Reviewing Egyptian, Persian, Greek, Roman, Chinese, Japanese, Monastery and Castle Gardens, the Italian Renaissance, there are a few ideas, which interest me particularly, from each of these time periods. Viewing the spectrum – commencing from Egyptian Gardens, perhaps the most interesting factor from this time period were the methods of irrigation, water ditches, pavilions, arbours, formal and geometric layouts, multiplicity and unison of flowering, fruit and herbal plants – utility plus beauty.
Discussing Persian Gardens, the main highlights were the design, which included water they used for irrigation and for serenity, shade for coolness and shelter, flowers for color and fragrance – sense of smell, and music to delight the ear. All the senses were accounted for.
Evaluating the Greek time period – the most specific factors that I feel are important are that of trees used as a component to highlight important areas, container growing, reflection or borrowing of plant shapes, and most importantly the creation of meditation areas and gathering spaces. Articulating the Roman Epoch, the most vibrant ideas to me were the distinction they created between food crops and the overall plan – moving forward from the Egyptian traditions that had these elements in simultaneousness. Their building of ramps rather than staircases, and walkways acting as a circumference in the outer periphery.
When I was introduced to Chinese Garden Design and Heritage, it was amazement to me that they did not involve any strict formulas like most of the other eras – Mughal etc. Their design was always planned as a series of pictures like a scroll painting. The Chinese character for garden had always been a combination of two words – land and water. Another aspect, which attracted me, was on how they utilized rocks – they used rocks as Europeans used statues. The presence of intimacy and lack of monumentality and symmetry gave fresh ideas and inspiration to Europeans for the 18th century gardens they designed.

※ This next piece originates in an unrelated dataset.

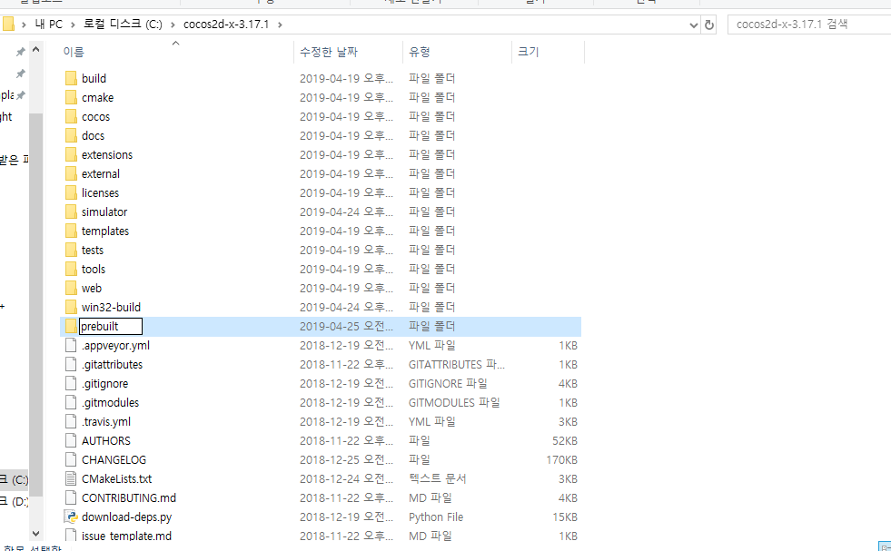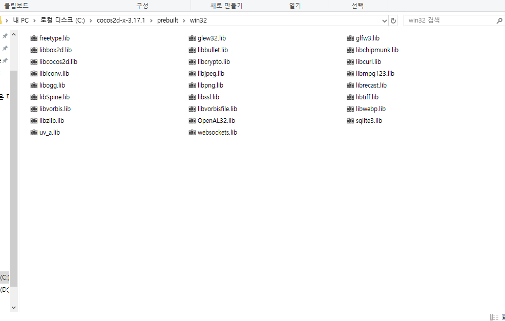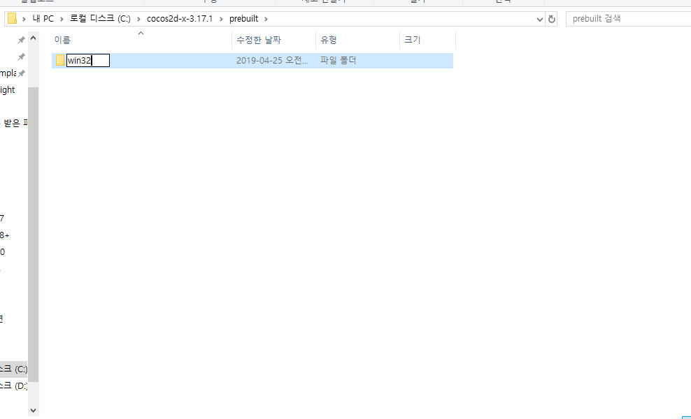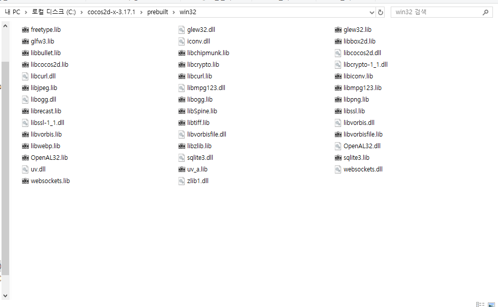 prebuilt 안에 win32 폴더를 만들어 이동한다.
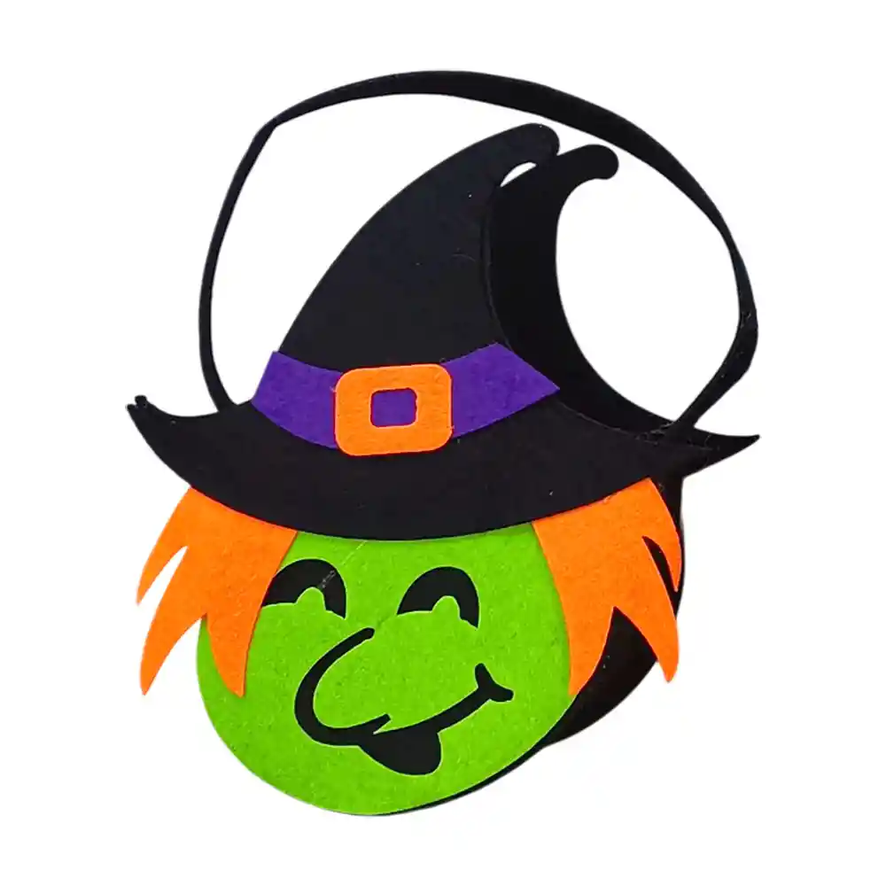 ¡Haz que la entrega de dulces sea parte de la diversión! Esta adorable bolsa de fieltro con diseño de bruja es perfecta para tus fiestas de Halloween, ideal para que los niños recojan golosinas o como souvenir temático para tus invitados. Colorida y temáticaCon detalles que evocan la magia y el misterio de Halloween, esta bolsa de fieltro añade un toque encantador a cualquier celebración. Su diseño de bruja la hace divertida y llamativa, ideal para todos los fans de la temporada. Práctica y resistenteFabricada en fieltro de buena calidad, ligera y resistente, perfecta para contener dulces, pequeños juguetes o recuerdos. Beneficios Diseño encantador y temático de bruja Ideal para fiestas, dulces o souvenirs Material duradero y seguro Tamaño cómodo para niños y adultos Detalles técnicos Cantidad: 1 unidadMaterial: FieltroMedida: 17 x 17 x 7 cm Haz tus fiestas de Halloween más divertidas con esta bolsa dulce temática! PÃdela ahora y recÃbela en la puerta de tu casa. 🕸ï¸ðŸ¬ðŸ‘»

When envisaging the Japanese regime, the prime ideas that clicked involved the lack of symmetry. Despite this quality they maintained balance in all of their designs – through the creation of a careful visual balance existent from all areas. Usage of stone materials carved into dragons and limestone boulders were integral to Shibusa (the Japanese word for quiet and refined taste).
The Castle Gardens did not have much to share with the world of Garden Design – although the qualities that they possessed could only be seen in paintings, which came through miniaturists and tapestry designers. The environment, joyous lifestyle and inhabitable essence were evident in Castle Gardens. There focus was lesser towards ornamentation and more towards notions such as symbolic presence. Species were suggestive enough for this cause – Mary’s purity: white lilies, Divine love: red roses, strawberries, Trinity: trefoil leaves.
Italian Renaissance has lot of ideas, which cause an admiration with this era. The implementation of staircases rather than ramps, was a new concept altogether to in the world of Garden Design. The Romans could not solve this issue. The flourishing of water, spilling in quantity down the terraced hillsides now selected for garden sites, provided motion and sound in a variety of moods.
Although these notions did leave a mark on modern garden designs, there is still one era whose elements are very difficult to find in today’s world – especially local gardens. This regime is that of the Roman era. It is very rare to find ramps instead of staircases in today’s gardens – a ramp generally requires a lot of length for adding a human friendly slope (1’:12’) to an area. In the modern world today such type of distance are very hard to create. Designers usually move towards designing elaborate stairways etc.
Another condition which is very hard to view in today’s garden design is that of emptying and filling of water through the construction of implements. This is something, which is pretty much limited in local gardens, it requires a lot of maintenance, is hard to construct and expensive, and requires a lot of mechanisms that cannot be manufactured at a smaller scale.
The final idea which was prevalent in Roman Gardens and cannot be seen in local gardens is that of the forceful blooming out of season of roses and foreign plants nurturing – usually local gardeners do not wish to take such a risk because due to economic reasons involved with the stalk holders/decision-makers (client, government) – they are reluctant to take such a risk which may cause a lot of loss etc. Although this idea is a very common practice in greenhouse farming and plantation.